Offering fraud actions are one of the most prevalent types of cases brought by the Commission. There is an almost endless number of variations of fraudulent schemes used to convince investors to pay over their money to people who are friends or perhaps people not really known to them. Just what it is that causes the investor to pay over their money to a fraudster is hard to determine. One common thread in many scams, however, is that the investors frequently conduct no or little due diligence as to either the possible investment or those soliciting it. This is likely the situation in the SEC’s most recent case in this area, SEC v. Karpavicius, Civil Action No. 1:23-cv-2205 (S.D.N.Y. Filed March 15, 2023).

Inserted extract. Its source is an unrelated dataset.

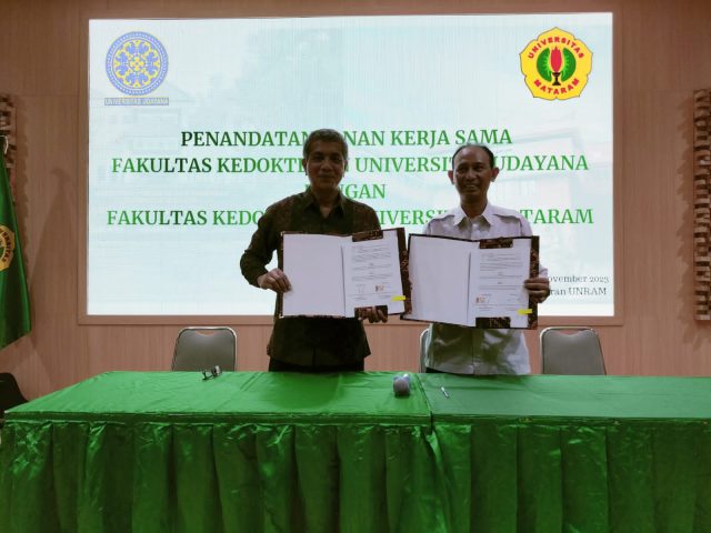 Fakultas Kedokteran Universitas Udayana (FK Unud) melaksanakan penandatanganan perjanjian kerja sama (PKS) di bidang penelitian dan pengabdian kepada masyarakat (PKM) dengan Fakultas Kedokteran Universitas Mataram (FK Unram). Kegiatan ini dilaksanakan pada 6 November 2023 di Auditorium Yunita Sabrina, FK Unram.

Named as defendants in this action are: Darius Karpavicius; TBO Capital Group; Gary Capital Group; HMC Trading, LLC; and HMC Management, LLC. Mr. Karpavicius is a Lithuanian citizen who conducted business through TBO Capital Group and Gray Capital Group. He also incorporated HMC Trading and HMC Management and is the sole member of each entity.

Beginning in December 2021Defendants raised about $4.1 million from dozens of investors, selling interests in what were claimed to be mutual funds. The scheme was conducted through the websites of TBO Capital Group and Gray Capital Group. Each site claimed its investment funds were operated by a group of experienced professions. Each site displayed the pictures of those professionals. Each site also claimed to have annual returns of 50+% without a single down year.

Each s had another key feature in common — everything was fictitious. Three of the four pictures on each site were of the same people. The description of the funds on each site were near copies. The graphic layout of each was virtually identical. The sites also listed the same company address and telephone number.

In the end, the claimed people supposedly associated with each site did not exist; the investments did not exist. Not a single share of stock was purchased.

What did exist was real was the investor cash. It was transferred to Defendant Karpavicius who moved much of it to his bank account and ultimately to crypto trading platforms. The complaint alleges violations of Securities Act Sections 5(a), 5(c0 and 17(a) and Exchange Act Section 10(b). The case is pending.

Cyber security is an area that has rapidly evolved over the past few years. Once a threat that was considered obscure by some and not significant by others, it is now a key area of focus for many. The stakes today are by any definition significant. A breach can result in millions of records held by an issuer or market participant such as a broker-dealer being obtained and perhaps disseminated. Frequently those records contain personal information of thousands if not millions of persons, including financial and credit card data. As activity in this area has evolved the Commission and DOJ have investigated and filed cases.

Last year the Commission proposed rules for issuers designed to require the creation of policies and procedures to protect the company and its information. The proposals also including reporting obligations in case of a breach. Now the agency is proposing that market participants adopt similar rules.

The proposals

Proposed Rule 10 is at the center of the proposed rules for market participants. It would require that Market Entities – essentially most broker-dealers other those some small firms – address the risks presented in the area by adopting a set of policies and procedures which are reasonably designed to address the risks. Those policies and procedures would be reviewed each year and amended or updated in view of the evolving cyber risks. Market entities would also be required to provide the Commission with a written electronic notice immediately if there is a reasonable basis for believing that a breach has occurred as well as updates and disclosure as discussed below.

Form SCIR – updates/disclosure

Covered entities would be required under Rule 10 to complete Form SCIR to update the Commission and provide disclosure. One section of the form provides the Commission with periodic updates. Another section focuses on disclosure. It provides summary descriptions of the cyber risks and significant incidents experienced in the current and prior year that are to be published on the broker-dealer’s website. Customers opening a new account would be furnished a copy of the disclosures as well as existing customers when updates are made, including the yearly update.

The material would also be posted on the firm’s website.

Comment

The proposals initiated by the Commission build on those launched last year for issuers and the series of enforcement actions which predated those proposals. Collectively, the proposals last year and now are designed to provide an overall response to the rapidly increasing threat posed by cyber while assuring the markets and the public that confidential information will be protected.

To be sure, the proposals are a good starting point, thoughtfully designed to address the key points of a threat that is well recognized, acknowledged by many and rapidly evolving. At the same time, they are controversial even among the Commissioners who acknowledge the threat. Chair Gensler and Commissioners Crenshaw and Lizarraga support the proposals. Commissioners Peirce and Uyeda do not. No doubt there will be a variety of comments furnished to the agency before the process is completed.